Exercise:
Starting with the line where "ダムの底のひび割れた地面がむき出しとなっている状態。" appears, print every line through the end of the entries below exactly as it stands, and leave out the pictures.

*** Extracted data ***

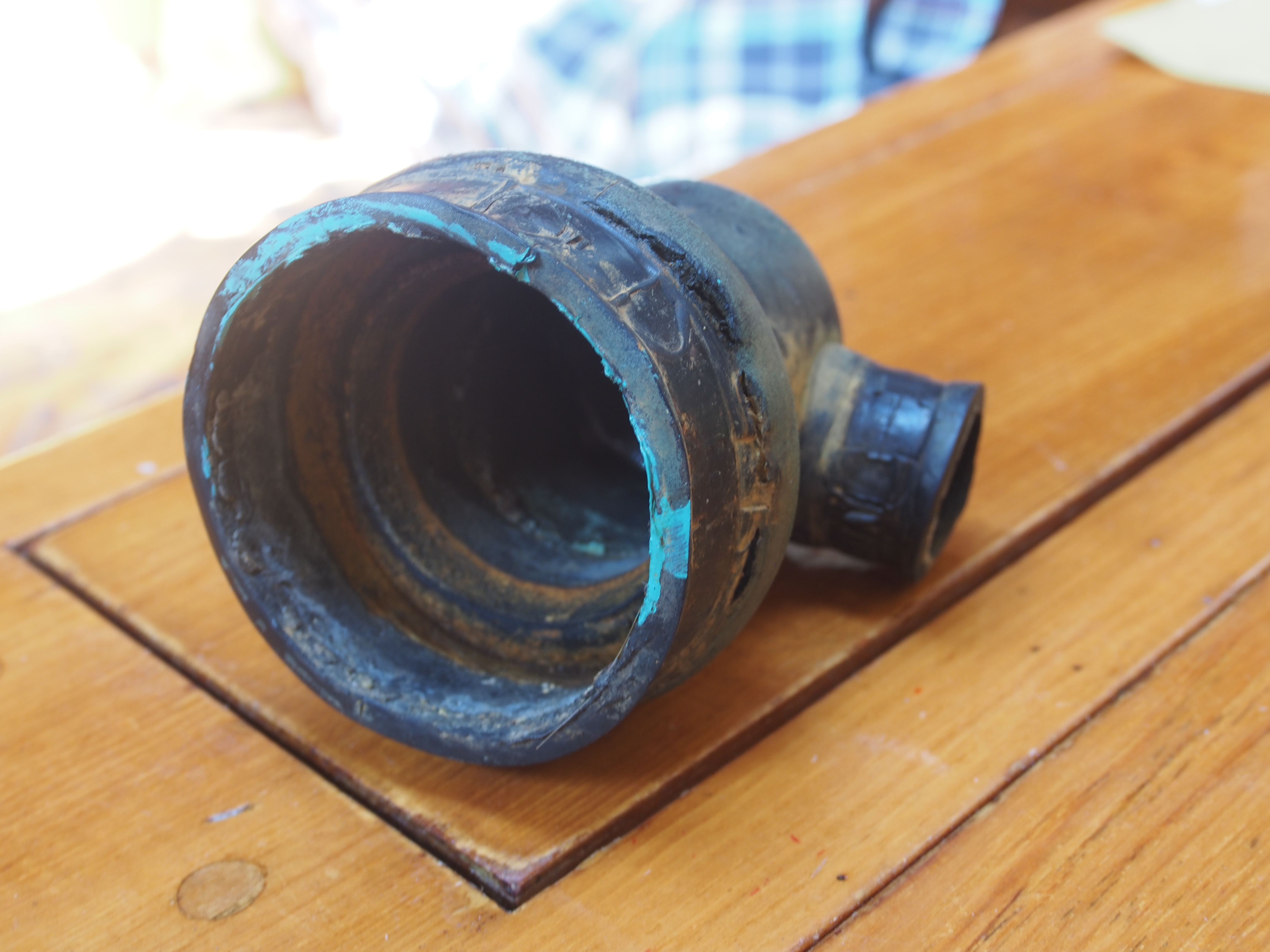 We went to start the engine to go over to the mooring but I noticed that the water coolant was low and I had just filled it the day before. Ummm – now what. Sure enough a rubber hose connector had rotted through and squirted the water all over the engine. This must have finally collapsed totally when we had the engine going to stop our dragging.
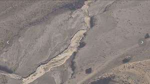ダムの底のひび割れた地面がむき出しとなっている状態。
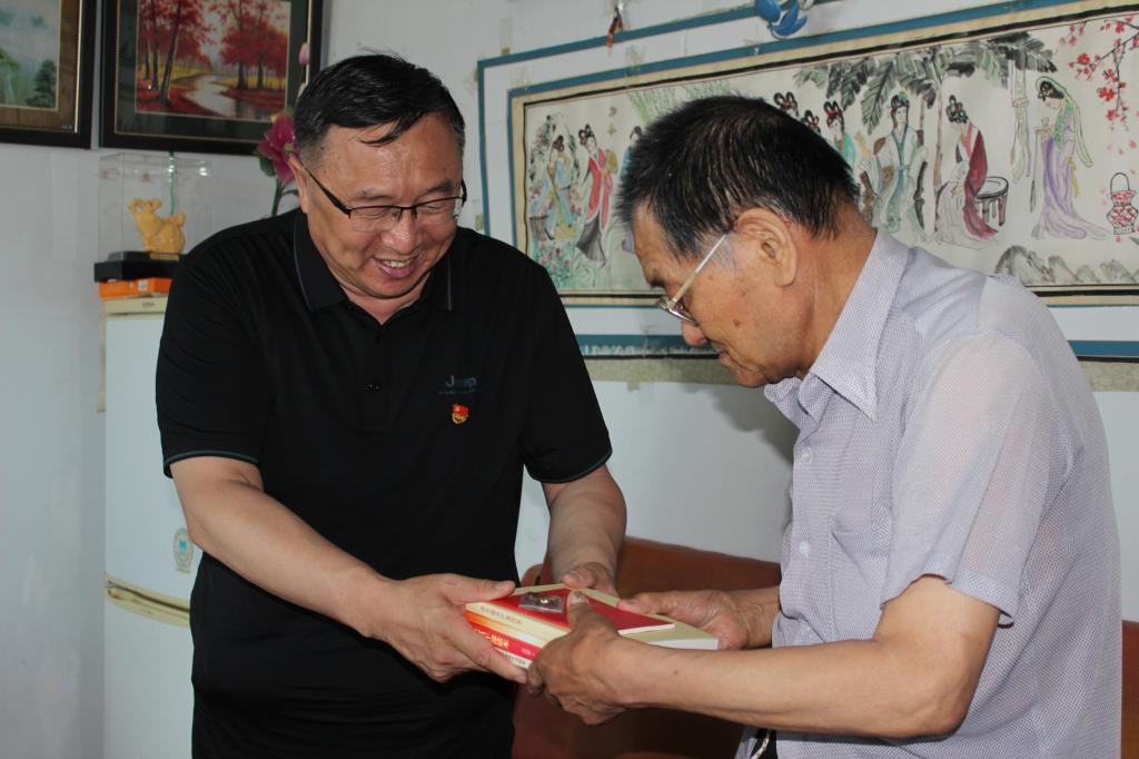 在老党员刘文轩家中,张国栋副书记详细询问他的生活情况和健康状况,向刘文轩老师详细介绍了目前学校发展建设情况,并送上节日慰问品。张国栋副书记强调,老党员们在各自岗位上一辈子兢兢业业、教书育人,爱岗敬业,默默奉献,是学校建设和事业发展的宝贵财富。希望老党员始终保持对党的事业的无限热情,继续关心支持学校建设发展。刘老师感谢党组织的关心,表示作为一名老党员,一定坚守初心,永远听党话跟党走。
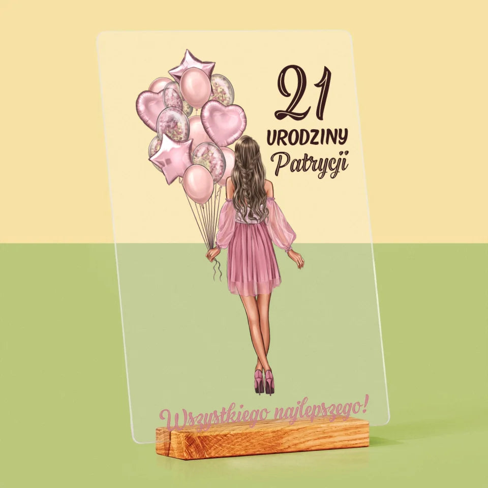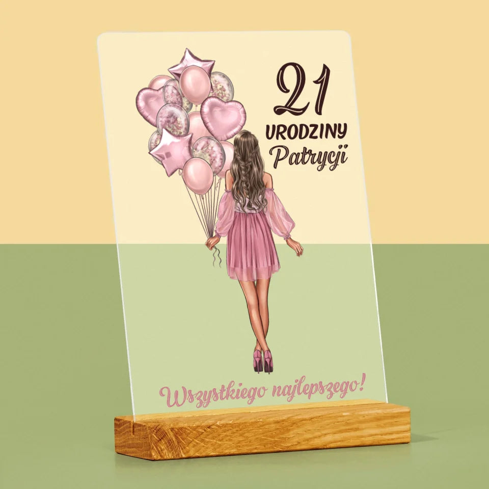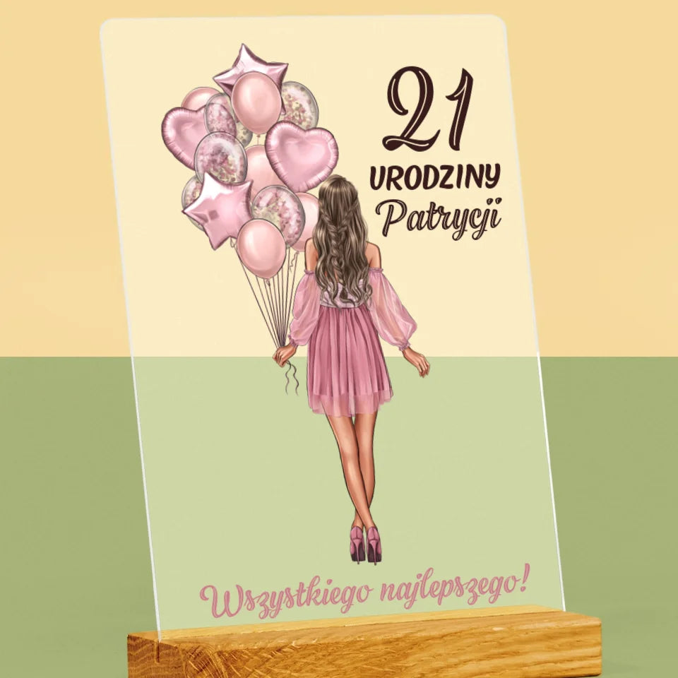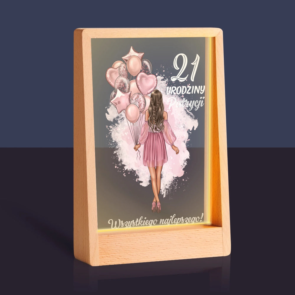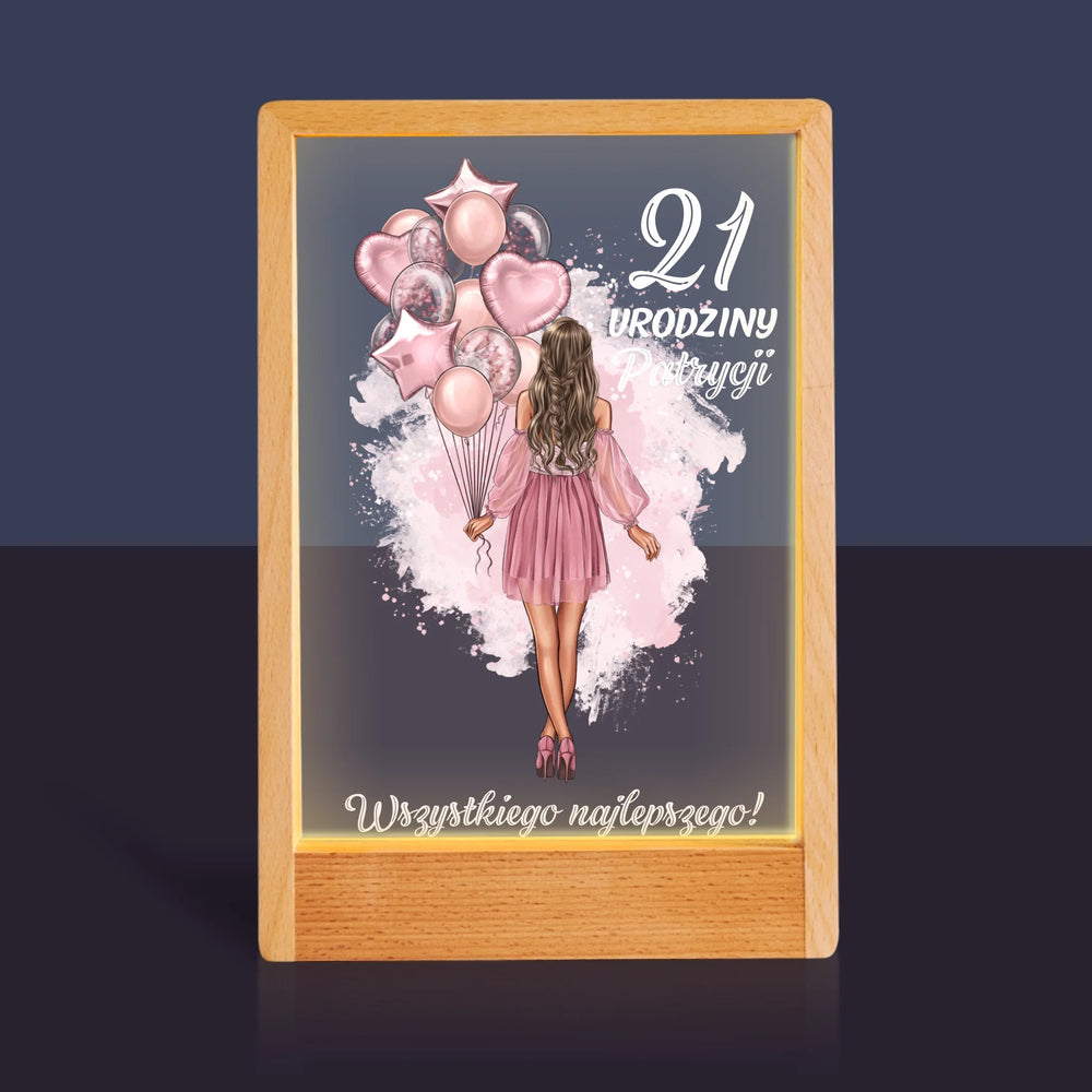 Kreator Postaci: Urodziny Balony - Wydruk na szkle akrylowym w ramce LED
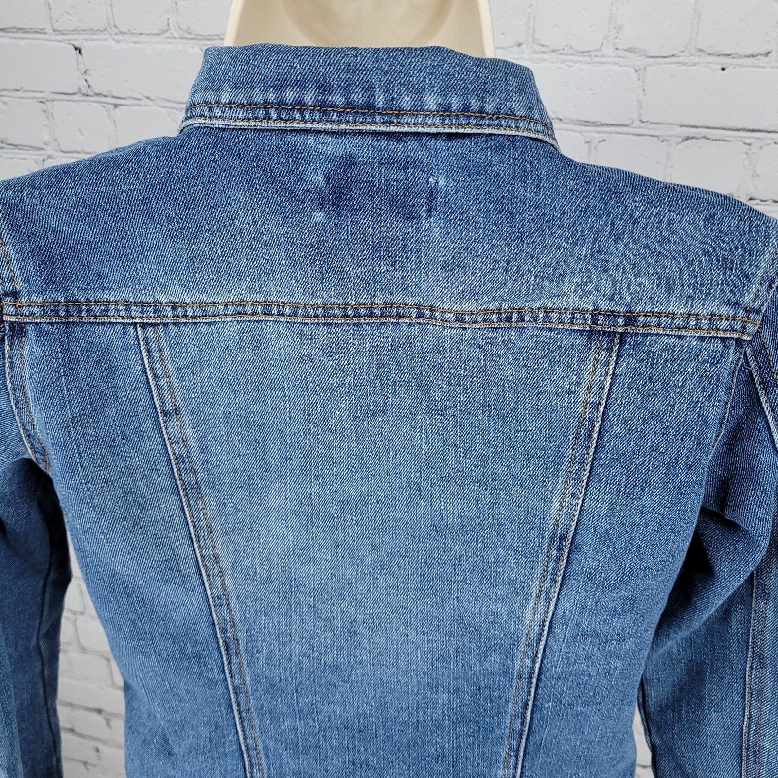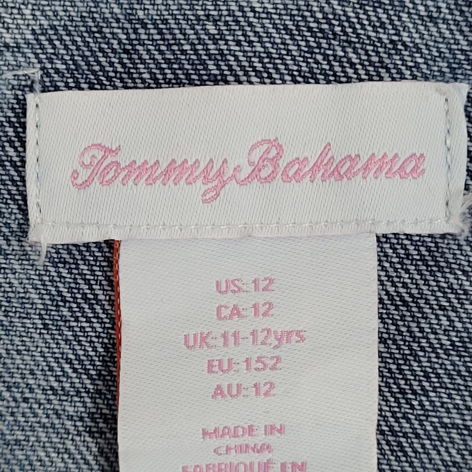 как выглядит Tommy Bahama Blue Denim Distressed Pockets Buttoned Jean Jacket Girls Size 11-12 фото
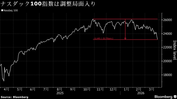 イランでの戦争は5週目に入り、市場の主な関心事は依然としてエネルギーコストの上昇と、それが経済成長を抑制し中央銀行による利上げを招くリスクに集まっている。投資家が人工知能(AI)ブームへの潜在的な悪影響を注視する中、ハイテク株比率の高いナスダック100指数は27日に調整局面入りした。
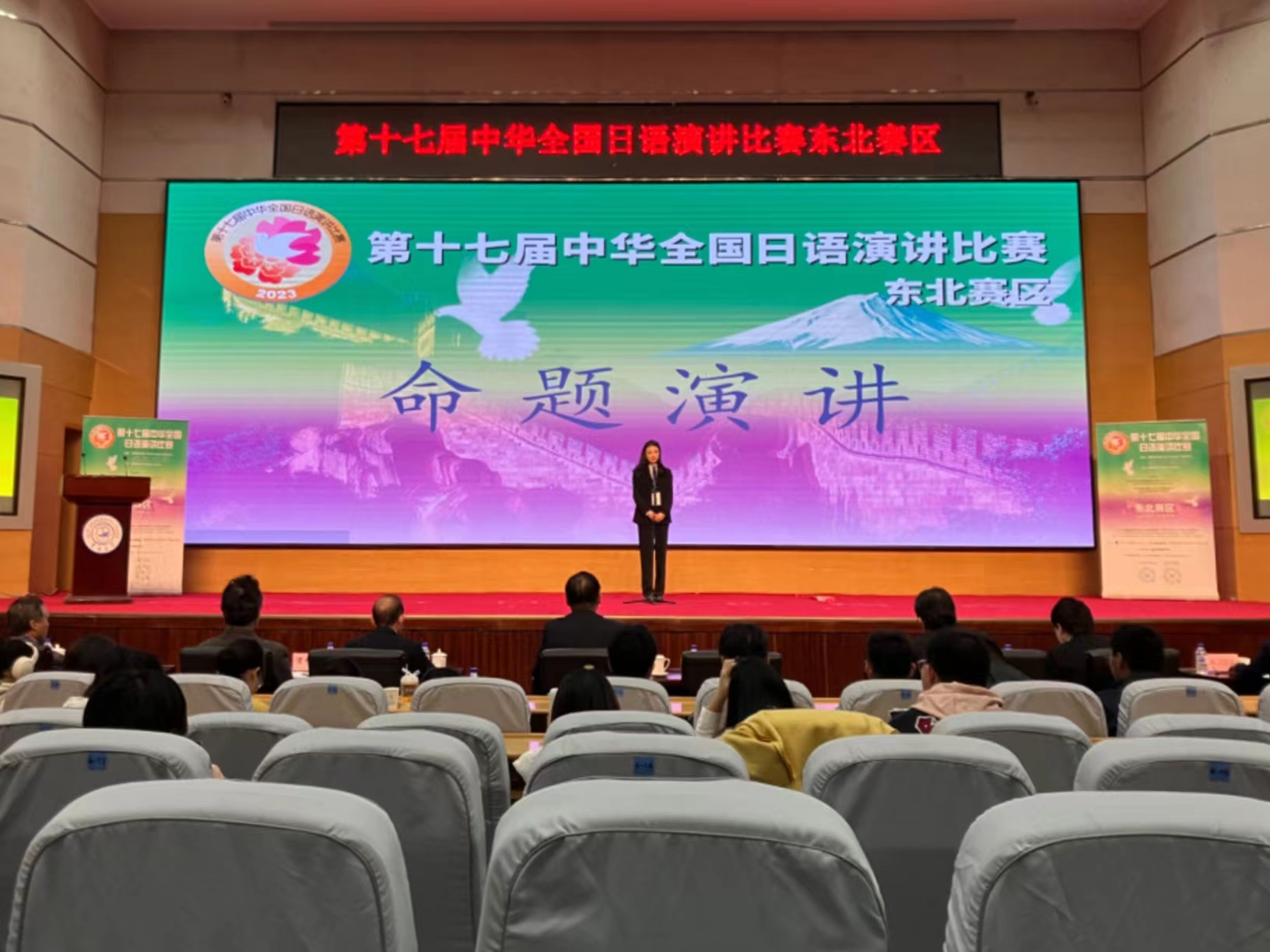 第十七届“中华杯全国日语演讲比赛”东北赛区比赛是由中国教育国际交流协会、日本经济新闻社和中日学术交流中心联合举办。来自黑龙江省、吉林省、辽宁省的共计28所高校各选派一名选手参加本次大赛。

*** End of Extracted data ***

Your response:
ダムの底のひび割れた地面がむき出しとなっている状態。
 在老党员刘文轩家中,张国栋副书记详细询问他的生活情况和健康状况,向刘文轩老师详细介绍了目前学校发展建设情况,并送上节日慰问品。张国栋副书记强调,老党员们在各自岗位上一辈子兢兢业业、教书育人,爱岗敬业,默默奉献,是学校建设和事业发展的宝贵财富。希望老党员始终保持对党的事业的无限热情,继续关心支持学校建设发展。刘老师感谢党组织的关心,表示作为一名老党员,一定坚守初心,永远听党话跟党走。
 Kreator Postaci: Urodziny Balony - Wydruk na szkle akrylowym w ramce LED
 как выглядит Tommy Bahama Blue Denim Distressed Pockets Buttoned Jean Jacket Girls Size 11-12 фото
 イランでの戦争は5週目に入り、市場の主な関心事は依然としてエネルギーコストの上昇と、それが経済成長を抑制し中央銀行による利上げを招くリスクに集まっている。投資家が人工知能(AI)ブームへの潜在的な悪影響を注視する中、ハイテク株比率の高いナスダック100指数は27日に調整局面入りした。
 第十七届“中华杯全国日语演讲比赛”东北赛区比赛是由中国教育国际交流协会、日本经济新闻社和中日学术交流中心联合举办。来自黑龙江省、吉林省、辽宁省的共计28所高校各选派一名选手参加本次大赛。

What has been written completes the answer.